[SUPPLIED MATERIAL]
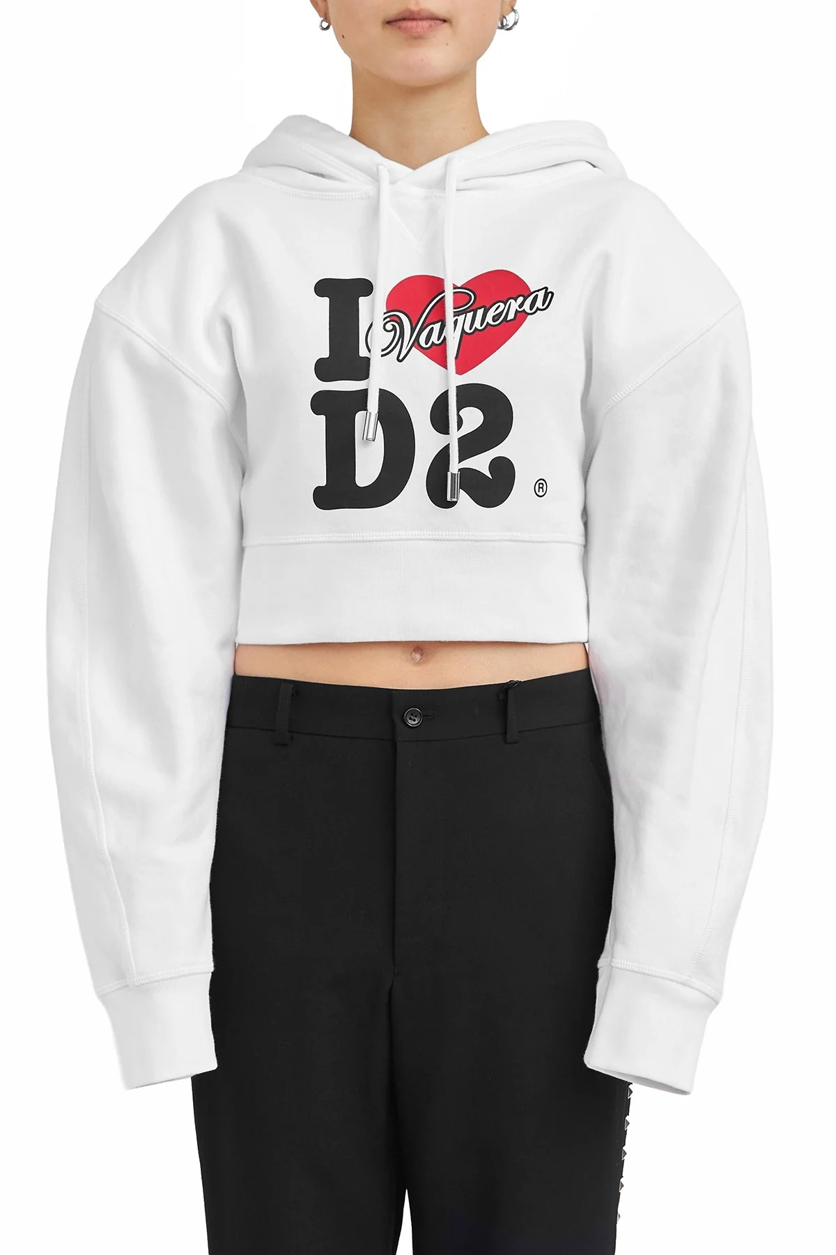 The Dsquared2 Vaquera Gimy Dean Hoodie in jersey featuring a cropped silhouette with padded structured shoulders, curved sleeves, a drawstring hood, dual logo print at the front, and rib-knit cuffs and hem. 15" long. Model is 5'9 and wears size medium From the Dsquared2 + Vaquera collaborative AW '25 collection DETAILS - Jersey fabrication - Cropped - Padded shoulders - Voluminous sleeves - Text print at front - Ribbed-knit cuffs + hem Sizing: - True to size Material: Cotton Made in Italy Product codes: - SKU: ESSX/DSQ/AW25/S72GU0501S25516100/White/XS - UPC: 8053601377233
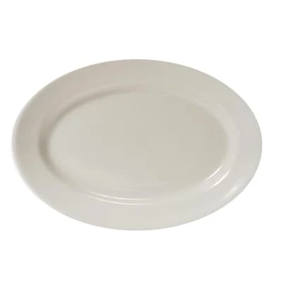 Use this oval platter from Tuxton® to serve main courses or to display desserts! This platter has a wide rim and the American white/eggshell color will blend in with any dining decor. It is microwave, dishwasher and oven safe and don’t forget about the Lifetime Edge Chip Limited Warranty.
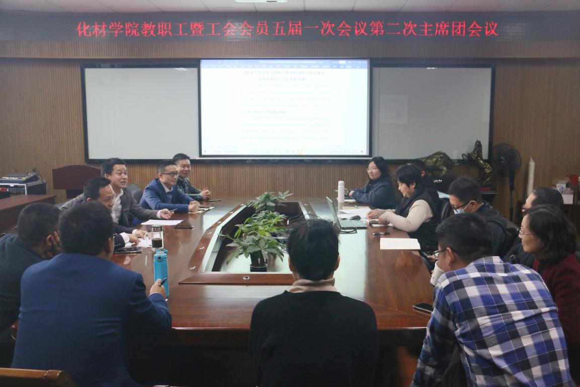 2021年2月28日下午1:30,女同av 在11B204会议室召开女同av 教职工暨工会会员五届一次会议第二次主席团会议。女同av 院长王舜、党委书记熊琳、副院长杨植等学院领导,学院教职工工会主席团出席本次会议。会议由党委书记熊琳主持。
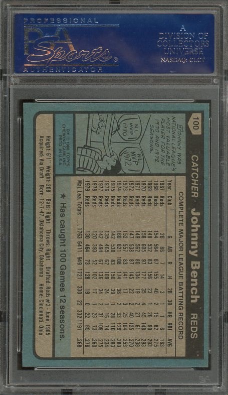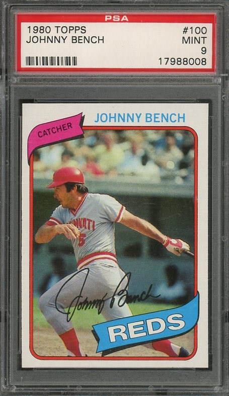 1980 Topps Johnny Bench #100 PSA MINT 9 - A very clean card with no issues or flaws. Card comes in a scratch free PSA holder.
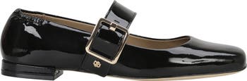 An elasticized heel counter and adjustable mary jane strap offer a comfortable and customized fit on a square-toe flat featuring a glossy leather upper.
[/SUPPLIED MATERIAL]
# ASSIGNED TASK
Set every record down exactly, omitting pictures.

# THE ANSWER
 The Dsquared2 Vaquera Gimy Dean Hoodie in jersey featuring a cropped silhouette with padded structured shoulders, curved sleeves, a drawstring hood, dual logo print at the front, and rib-knit cuffs and hem. 15" long. Model is 5'9 and wears size medium From the Dsquared2 + Vaquera collaborative AW '25 collection DETAILS - Jersey fabrication - Cropped - Padded shoulders - Voluminous sleeves - Text print at front - Ribbed-knit cuffs + hem Sizing: - True to size Material: Cotton Made in Italy Product codes: - SKU: ESSX/DSQ/AW25/S72GU0501S25516100/White/XS - UPC: 8053601377233
 Use this oval platter from Tuxton® to serve main courses or to display desserts! This platter has a wide rim and the American white/eggshell color will blend in with any dining decor. It is microwave, dishwasher and oven safe and don’t forget about the Lifetime Edge Chip Limited Warranty.
 2021年2月28日下午1:30,女同av 在11B204会议室召开女同av 教职工暨工会会员五届一次会议第二次主席团会议。女同av 院长王舜、党委书记熊琳、副院长杨植等学院领导,学院教职工工会主席团出席本次会议。会议由党委书记熊琳主持。
 1980 Topps Johnny Bench #100 PSA MINT 9 - A very clean card with no issues or flaws. Card comes in a scratch free PSA holder.
 An elasticized heel counter and adjustable mary jane strap offer a comfortable and customized fit on a square-toe flat featuring a glossy leather upper.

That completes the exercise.